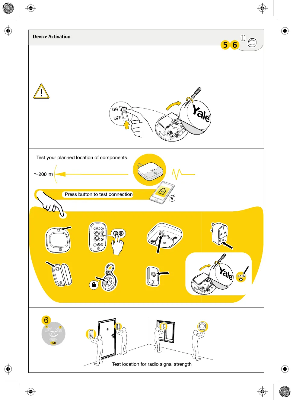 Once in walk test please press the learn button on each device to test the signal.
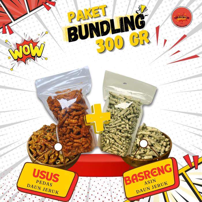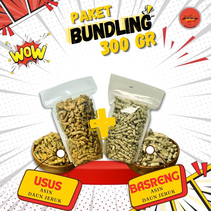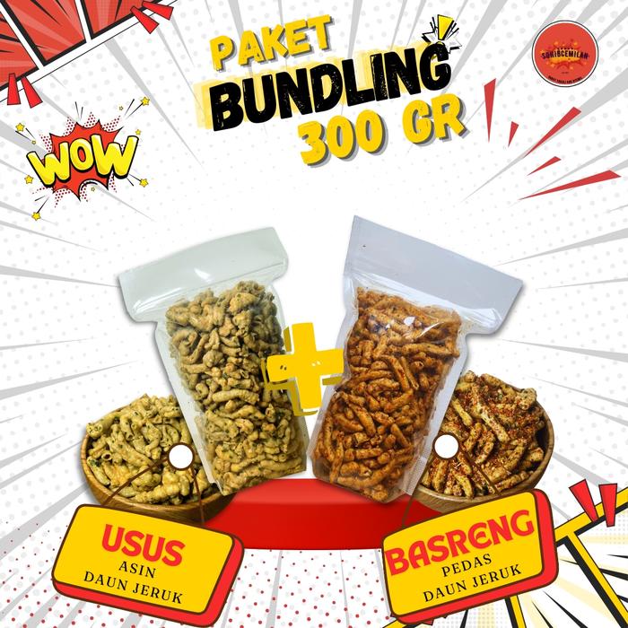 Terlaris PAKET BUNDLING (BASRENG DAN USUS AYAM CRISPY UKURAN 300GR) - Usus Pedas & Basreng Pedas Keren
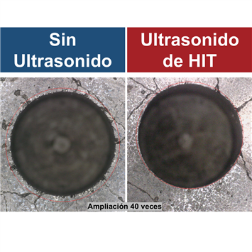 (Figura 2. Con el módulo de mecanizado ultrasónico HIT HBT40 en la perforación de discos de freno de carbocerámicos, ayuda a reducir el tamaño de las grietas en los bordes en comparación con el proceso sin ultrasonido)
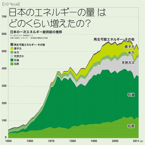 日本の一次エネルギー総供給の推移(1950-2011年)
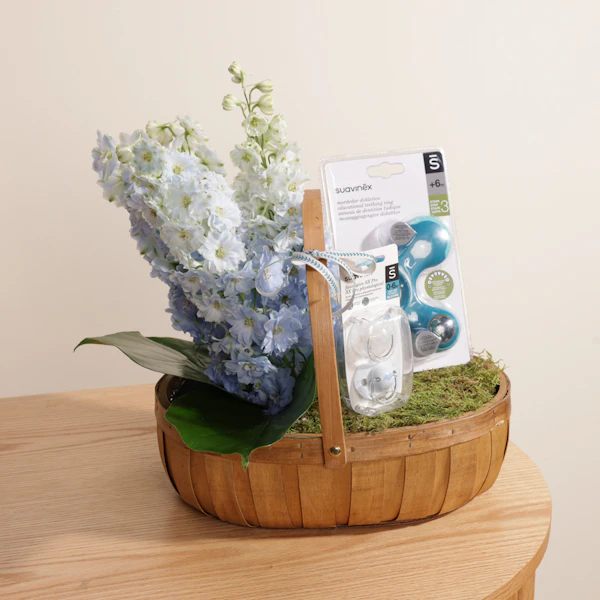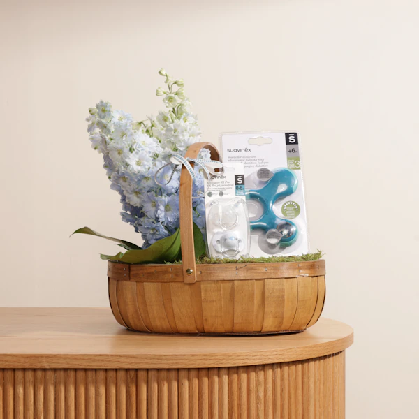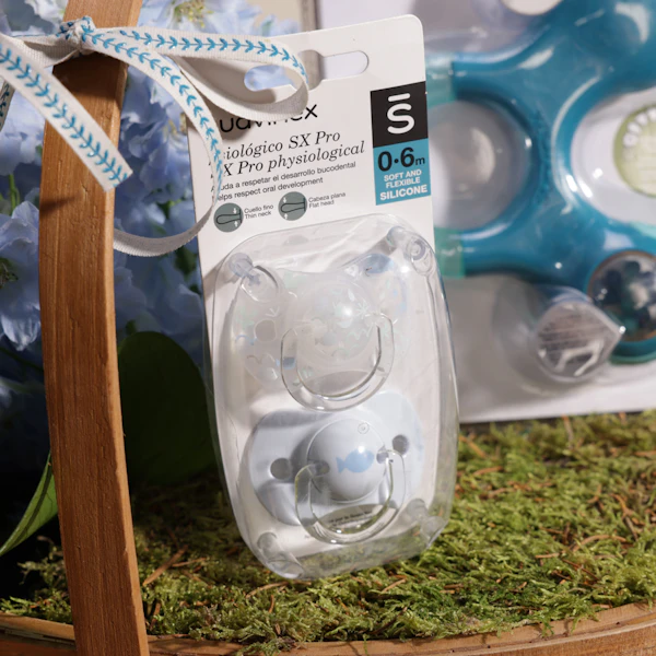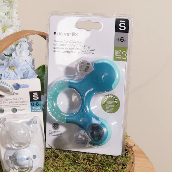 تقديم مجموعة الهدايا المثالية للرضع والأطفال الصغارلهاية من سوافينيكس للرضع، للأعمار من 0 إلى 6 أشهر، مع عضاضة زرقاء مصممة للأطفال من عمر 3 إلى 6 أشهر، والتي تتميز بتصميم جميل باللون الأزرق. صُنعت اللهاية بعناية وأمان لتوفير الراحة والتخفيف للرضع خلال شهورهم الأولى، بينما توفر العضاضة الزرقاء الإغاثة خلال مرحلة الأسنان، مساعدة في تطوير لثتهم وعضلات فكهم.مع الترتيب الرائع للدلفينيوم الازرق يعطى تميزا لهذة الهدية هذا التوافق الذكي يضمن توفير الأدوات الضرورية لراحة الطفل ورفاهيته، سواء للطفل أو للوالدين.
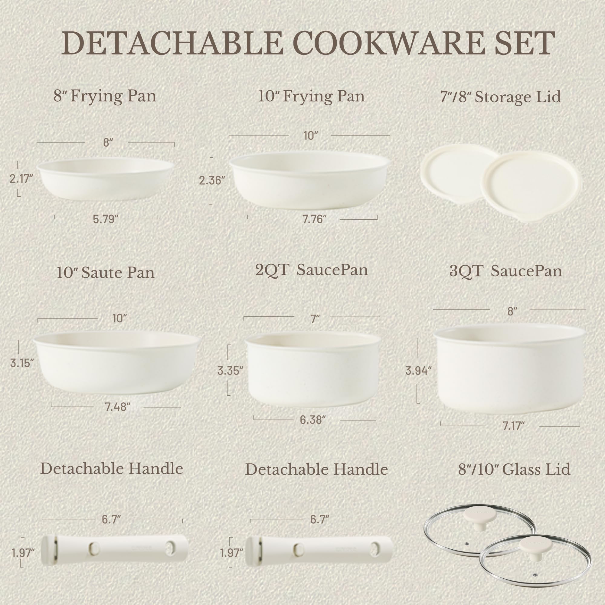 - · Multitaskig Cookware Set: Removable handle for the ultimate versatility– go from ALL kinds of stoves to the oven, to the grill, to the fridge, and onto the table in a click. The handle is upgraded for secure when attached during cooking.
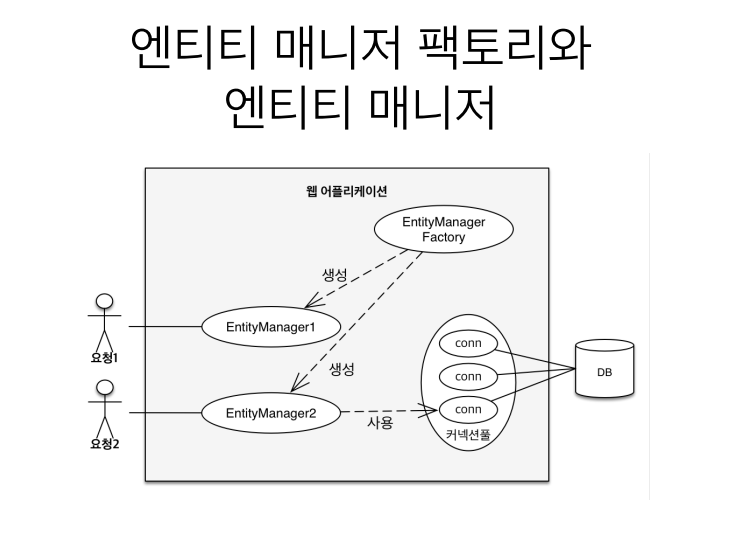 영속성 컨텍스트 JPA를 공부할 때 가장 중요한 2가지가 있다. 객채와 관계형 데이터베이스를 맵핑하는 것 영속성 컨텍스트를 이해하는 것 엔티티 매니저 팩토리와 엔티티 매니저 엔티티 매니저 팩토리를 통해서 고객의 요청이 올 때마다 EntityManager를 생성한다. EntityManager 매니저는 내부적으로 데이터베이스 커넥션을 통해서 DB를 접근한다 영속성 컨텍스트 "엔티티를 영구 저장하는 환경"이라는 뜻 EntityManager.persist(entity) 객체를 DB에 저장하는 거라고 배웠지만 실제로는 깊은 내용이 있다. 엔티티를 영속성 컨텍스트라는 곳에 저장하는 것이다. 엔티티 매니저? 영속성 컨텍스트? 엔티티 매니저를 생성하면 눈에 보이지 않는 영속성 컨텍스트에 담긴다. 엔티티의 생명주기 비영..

→ Task:
Output the data above exactly, excluding images.

→ Reply to the task:
 Once in walk test please press the learn button on each device to test the signal.
 Terlaris PAKET BUNDLING (BASRENG DAN USUS AYAM CRISPY UKURAN 300GR) - Usus Pedas & Basreng Pedas Keren
 (Figura 2. Con el módulo de mecanizado ultrasónico HIT HBT40 en la perforación de discos de freno de carbocerámicos, ayuda a reducir el tamaño de las grietas en los bordes en comparación con el proceso sin ultrasonido)
 日本の一次エネルギー総供給の推移(1950-2011年)
 تقديم مجموعة الهدايا المثالية للرضع والأطفال الصغارلهاية من سوافينيكس للرضع، للأعمار من 0 إلى 6 أشهر، مع عضاضة زرقاء مصممة للأطفال من عمر 3 إلى 6 أشهر، والتي تتميز بتصميم جميل باللون الأزرق. صُنعت اللهاية بعناية وأمان لتوفير الراحة والتخفيف للرضع خلال شهورهم الأولى، بينما توفر العضاضة الزرقاء الإغاثة خلال مرحلة الأسنان، مساعدة في تطوير لثتهم وعضلات فكهم.مع الترتيب الرائع للدلفينيوم الازرق يعطى تميزا لهذة الهدية هذا التوافق الذكي يضمن توفير الأدوات الضرورية لراحة الطفل ورفاهيته، سواء للطفل أو للوالدين.
 - · Multitaskig Cookware Set: Removable handle for the ultimate versatility– go from ALL kinds of stoves to the oven, to the grill, to the fridge, and onto the table in a click. The handle is upgraded for secure when attached during cooking.
 영속성 컨텍스트 JPA를 공부할 때 가장 중요한 2가지가 있다. 객채와 관계형 데이터베이스를 맵핑하는 것 영속성 컨텍스트를 이해하는 것 엔티티 매니저 팩토리와 엔티티 매니저 엔티티 매니저 팩토리를 통해서 고객의 요청이 올 때마다 EntityManager를 생성한다. EntityManager 매니저는 내부적으로 데이터베이스 커넥션을 통해서 DB를 접근한다 영속성 컨텍스트 "엔티티를 영구 저장하는 환경"이라는 뜻 EntityManager.persist(entity) 객체를 DB에 저장하는 거라고 배웠지만 실제로는 깊은 내용이 있다. 엔티티를 영속성 컨텍스트라는 곳에 저장하는 것이다. 엔티티 매니저? 영속성 컨텍스트? 엔티티 매니저를 생성하면 눈에 보이지 않는 영속성 컨텍스트에 담긴다. 엔티티의 생명주기 비영..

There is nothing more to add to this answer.